Several traders who served on the committee are among more than a dozen traders who have been placed on leave or fired as a result of internal investigations at some of the world’s largest banks, including Citigroup and UBS.

“The Bank of England does not condone any form of market manipulation in any context whatsoever,” the bank said in a statement. “The bank has today reiterated its guidance to staff regarding management of records and escalation of important information.”

The central bank said it had conducted an “extensive review” of documents, e-mails and other records and found no evidence that Bank of England staff members colluded in any way in manipulating the currency market or in sharing of confidential client information.

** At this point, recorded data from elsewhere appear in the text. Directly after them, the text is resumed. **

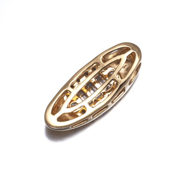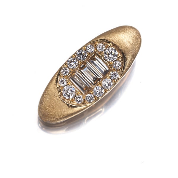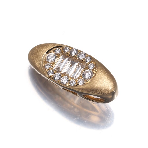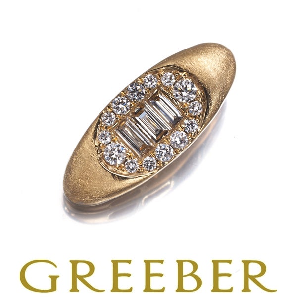 艶を抑えたゴールドの煌めきと共にラウンドメレダイヤの繊細な輝きをあしらったシンプルなデザイン。メインにはVSクラスアップのクラリティと思われる素晴らしい透明感を持つ3石のバゲットダイヤが鮮やかな煌めきを演出します。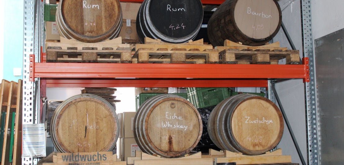 In den acht Fässern lagern bereits seit anderthalb Jahren Biere aus demselben Sud, die durch das Holz und die Vorbelegung mit den Spirituosen einen individuellen Geschmack bekommen. Diese Sorten werden sich später durch einen hohen Malz- und Alkoholgehalt auszeichnen. Von Zeitdruck und Massenproduktion keine Spur, das Bier lagert insgesamt stolze zwei Jahre im Fass. Das Wildwuchs Brauwerk ist mit den großen industriellen Brauereien nicht zu vergleichen.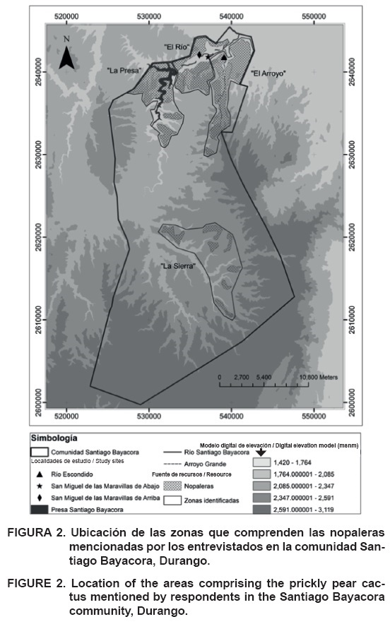 La comunidad de Santiago Bayacora incluye 11 localidades y 1,300 habitantes (Anónimo, 2010). Se ubica aproximadamente a 17 km al sur de la ciudad de Durango, en el municipio del mismo nombre, entre los 23° 30' 27'' y 23° 55' 13'' de latitud Norte y 104° 31' 55'' y 104° 46' 32'' de longitud oeste, a una altitud que varía entre 1900 y 2900 msnm. Con base en cartas de INEGI a escala 1:1,000,000 (Anónimo, 2004), se calculó su superficie en 67,000 ha. A partir de prospecciones preliminares se escogieron las localidades de Río Escondido, San Miguel de Maravillas de Arriba y San Miguel de Maravillas de Abajo para realizar este estudio, ya que sus habitantes dependen en mayor medida del aprovechamiento de las especies de Opuntia.

“The bank requires its staff to follow rigorous internal control processes and has today suspended a member of staff, pending investigation by the bank into compliance with those processes,” the bank said.

The employee was not identified.

The central bank said it had examined about 15,000 e-mails, 21,000 chat room records, and more than 40 hours of recorded telephone calls as part of its internal review.

The Bank of England said Wednesday that its oversight committee would lead an investigation to determine whether bank officials were involved in or knew about attempted or actual manipulation of the currency markets or any other improper behavior in the foreign exchange markets.

The law firm Travers Smith has been appointed as legal counsel to the committee and will prepare a report on the investigation. The report “will be published in due course,” the central bank said.

Many of the world’s largest banks, including JPMorgan Chase, and Barclays, have acknowledged that they are facing regulatory inquiries into potential manipulation of the currency markets.

Deutsche Bank, the largest player in the currency trading market, and Citigroup have both fired employees as a result of their own investigations.